**THE INPUT**
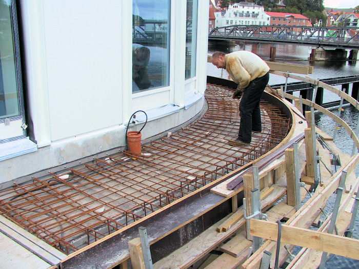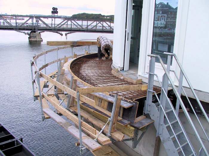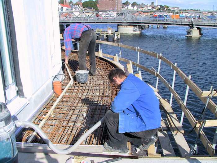 | 26.09.2002 - 11:01 Uhr - Kappeln/Schlei: Neubau einer Klappbrücke Pfeiler 40 - Nordende Westseite des Zugangs zum Brückenwärterhaus Eisenflechter sind gerade dabei in die Schalung der Kappe des Zugangs zum Brückenwärterhaus die Bewehrung einzubringen. Foto: Eckhard Schmidt - Kappeln - (C) 2002 |
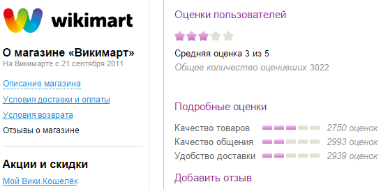 Например, в гипермаркете Wikimart есть целый раздел отзывов. Нужно сказать, что средняя оценка пользователей магазину – всего 3 из 5. Несмотря на это, он показывает пользователям, что магазин ничего не скрывает, что он готов дать слово клиентам и при необходимости решить возникшие проблемы «не отходя от кассы». Негативно или позитивно воспримут пользователи эту пресловутую тройку?
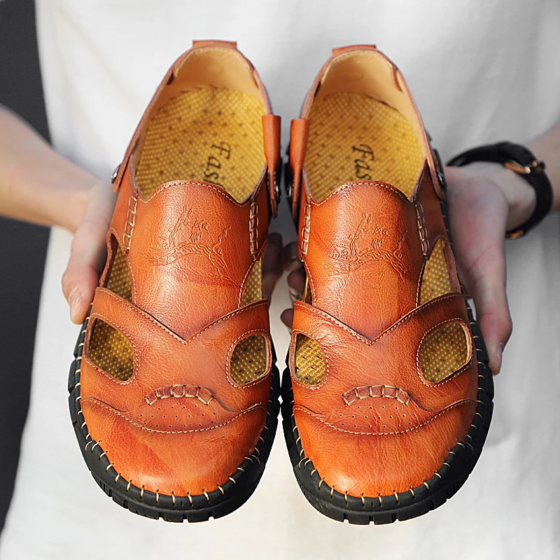 Мужские сандалии из натуральной кожи мужские уличные повседневные мужские кожаные сандалии для мужчин пляжные обувь римская обувь Большие...
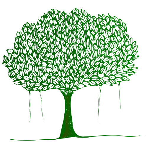 This features a large tree with green leaves and branches. It is depicted in black and white, giving it an artistic and timeless appearance. The tree has a prominent trunk that stands out from the rest of the branches. The leaves are scattered throughout the tree, creating a sense of depth and dimension to the drawing. Overall, this simple yet elegant image captures the beauty of nature in its purest form.
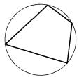 6 | Два угла вписанного в окружность четырёхугольника равны 56° и 77°. Найдите меньший из оставшихся углов. Ответ дайте в градусах.
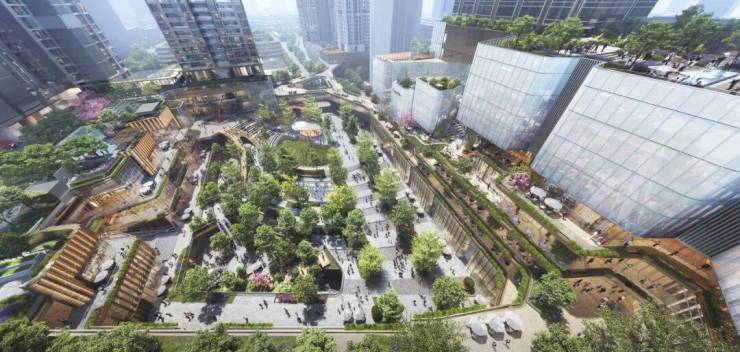金地环湾城的设计理念强调“垂直生态”。商业部分采用“多重森林”概念,以绿地公园为核心,将商业的森林向塔楼立面上延续,打造一个绿色的向上生长的生态之城。
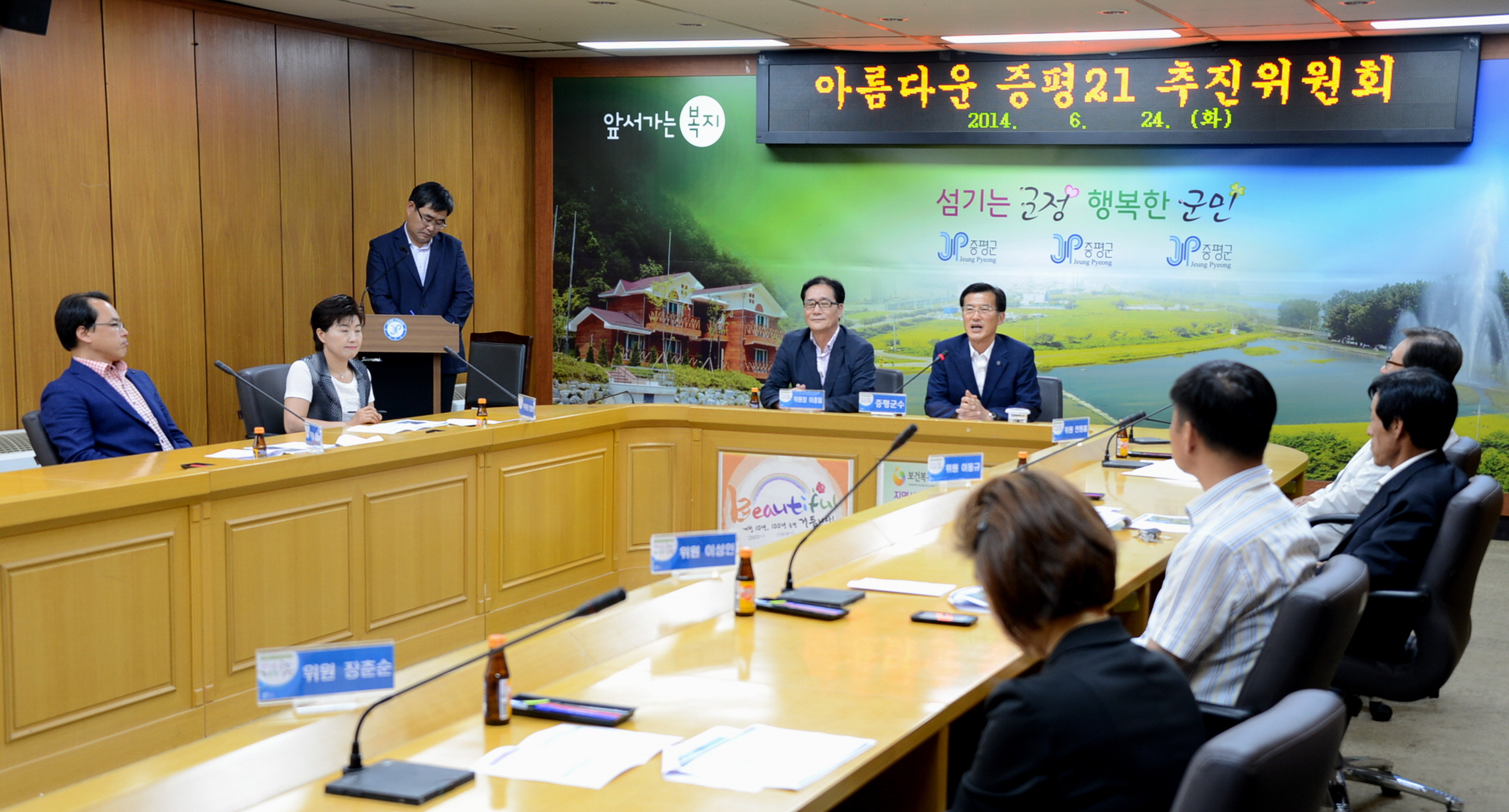 증평군은 저탄소 녹색성장의 지속가능한 발전을 위해 24일 군청 소회의실에서 아름다운 증평21 추진위원회 회의를 개최했다. [보도자료실 참조]

**TASK OBJECTIVE**
Only the lines from the beginning of the records through the line bearing "6 | Два угла" belong in the answer, copied word for word with pictures left out.

**SOLUTION TO THIS EXERCISE**
 | 26.09.2002 - 11:01 Uhr - Kappeln/Schlei: Neubau einer Klappbrücke Pfeiler 40 - Nordende Westseite des Zugangs zum Brückenwärterhaus Eisenflechter sind gerade dabei in die Schalung der Kappe des Zugangs zum Brückenwärterhaus die Bewehrung einzubringen. Foto: Eckhard Schmidt - Kappeln - (C) 2002 |
 Например, в гипермаркете Wikimart есть целый раздел отзывов. Нужно сказать, что средняя оценка пользователей магазину – всего 3 из 5. Несмотря на это, он показывает пользователям, что магазин ничего не скрывает, что он готов дать слово клиентам и при необходимости решить возникшие проблемы «не отходя от кассы». Негативно или позитивно воспримут пользователи эту пресловутую тройку?
 Мужские сандалии из натуральной кожи мужские уличные повседневные мужские кожаные сандалии для мужчин пляжные обувь римская обувь Большие...
 This features a large tree with green leaves and branches. It is depicted in black and white, giving it an artistic and timeless appearance. The tree has a prominent trunk that stands out from the rest of the branches. The leaves are scattered throughout the tree, creating a sense of depth and dimension to the drawing. Overall, this simple yet elegant image captures the beauty of nature in its purest form.
 6 | Два угла вписанного в окружность четырёхугольника равны 56° и 77°. Найдите меньший из оставшихся углов. Ответ дайте в градусах.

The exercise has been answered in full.